* _Problem details_:
Would you return the data below exactly as it stands, with every picture left out?

Start of Dataset section

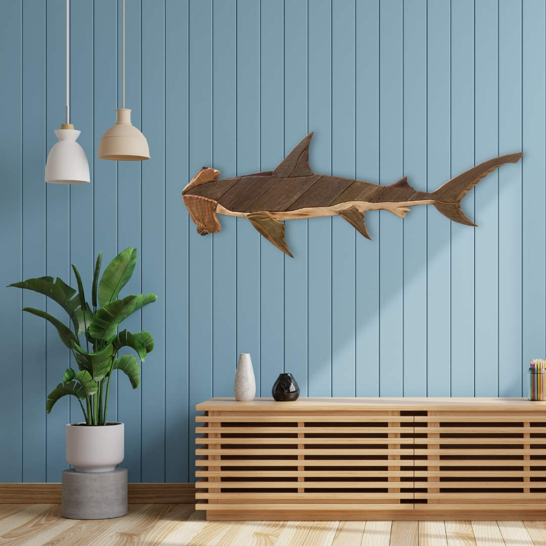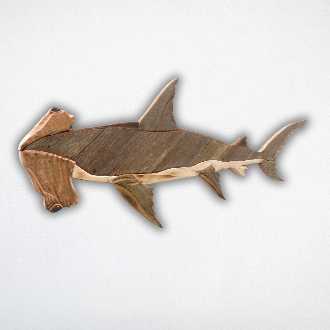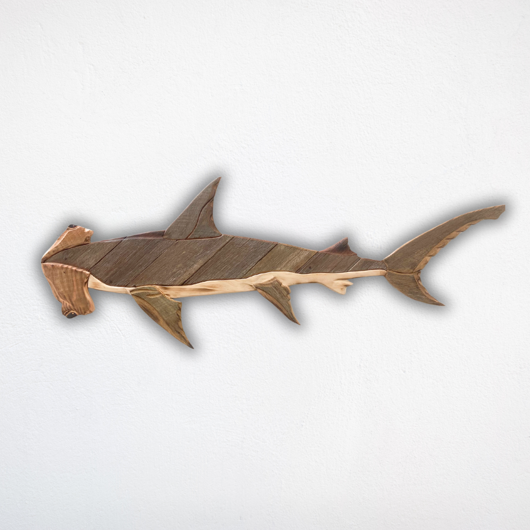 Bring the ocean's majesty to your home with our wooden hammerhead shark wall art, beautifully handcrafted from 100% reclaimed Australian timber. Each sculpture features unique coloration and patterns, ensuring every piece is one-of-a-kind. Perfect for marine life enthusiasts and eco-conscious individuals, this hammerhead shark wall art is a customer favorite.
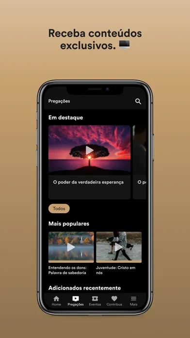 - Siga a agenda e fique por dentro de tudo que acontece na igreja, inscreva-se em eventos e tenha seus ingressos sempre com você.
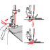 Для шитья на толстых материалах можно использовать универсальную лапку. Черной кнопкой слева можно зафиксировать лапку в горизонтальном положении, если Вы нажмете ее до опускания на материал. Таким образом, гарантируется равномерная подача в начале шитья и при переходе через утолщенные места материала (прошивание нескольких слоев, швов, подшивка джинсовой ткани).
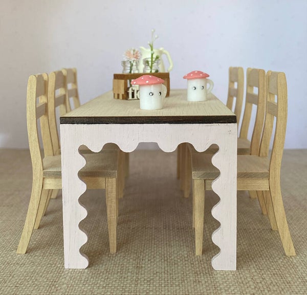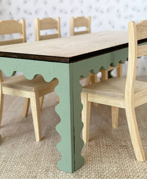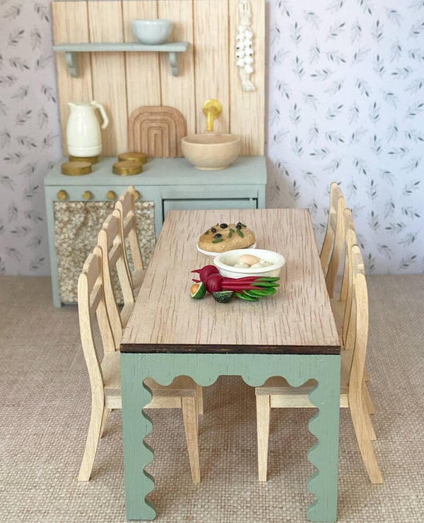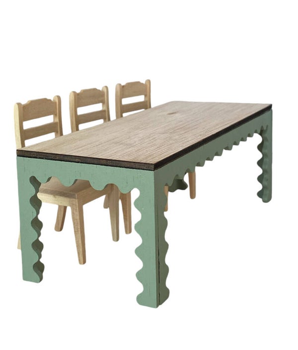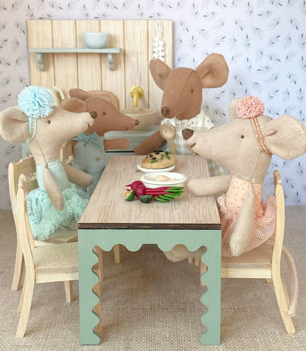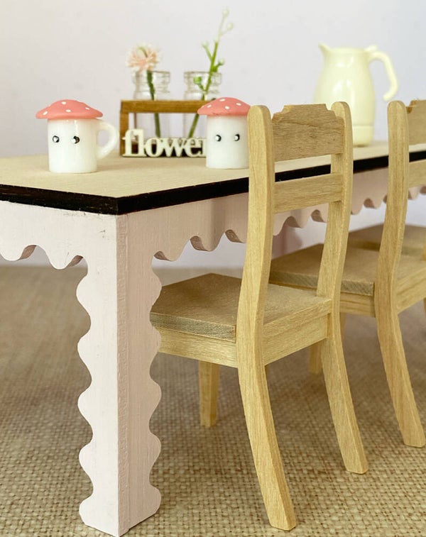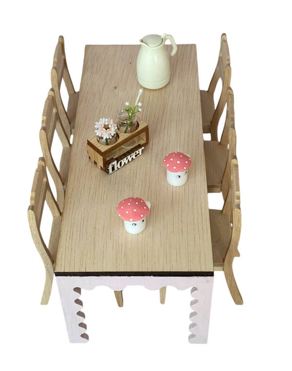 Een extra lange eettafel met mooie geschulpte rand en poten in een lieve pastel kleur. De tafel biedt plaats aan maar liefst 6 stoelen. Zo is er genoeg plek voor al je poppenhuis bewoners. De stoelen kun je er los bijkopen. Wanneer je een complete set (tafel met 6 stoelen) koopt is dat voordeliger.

End of Dataset section

* _Task answer_:
 Bring the ocean's majesty to your home with our wooden hammerhead shark wall art, beautifully handcrafted from 100% reclaimed Australian timber. Each sculpture features unique coloration and patterns, ensuring every piece is one-of-a-kind. Perfect for marine life enthusiasts and eco-conscious individuals, this hammerhead shark wall art is a customer favorite.
 - Siga a agenda e fique por dentro de tudo que acontece na igreja, inscreva-se em eventos e tenha seus ingressos sempre com você.
 Для шитья на толстых материалах можно использовать универсальную лапку. Черной кнопкой слева можно зафиксировать лапку в горизонтальном положении, если Вы нажмете ее до опускания на материал. Таким образом, гарантируется равномерная подача в начале шитья и при переходе через утолщенные места материала (прошивание нескольких слоев, швов, подшивка джинсовой ткани).
 Een extra lange eettafel met mooie geschulpte rand en poten in een lieve pastel kleur. De tafel biedt plaats aan maar liefst 6 stoelen. Zo is er genoeg plek voor al je poppenhuis bewoners. De stoelen kun je er los bijkopen. Wanneer je een complete set (tafel met 6 stoelen) koopt is dat voordeliger.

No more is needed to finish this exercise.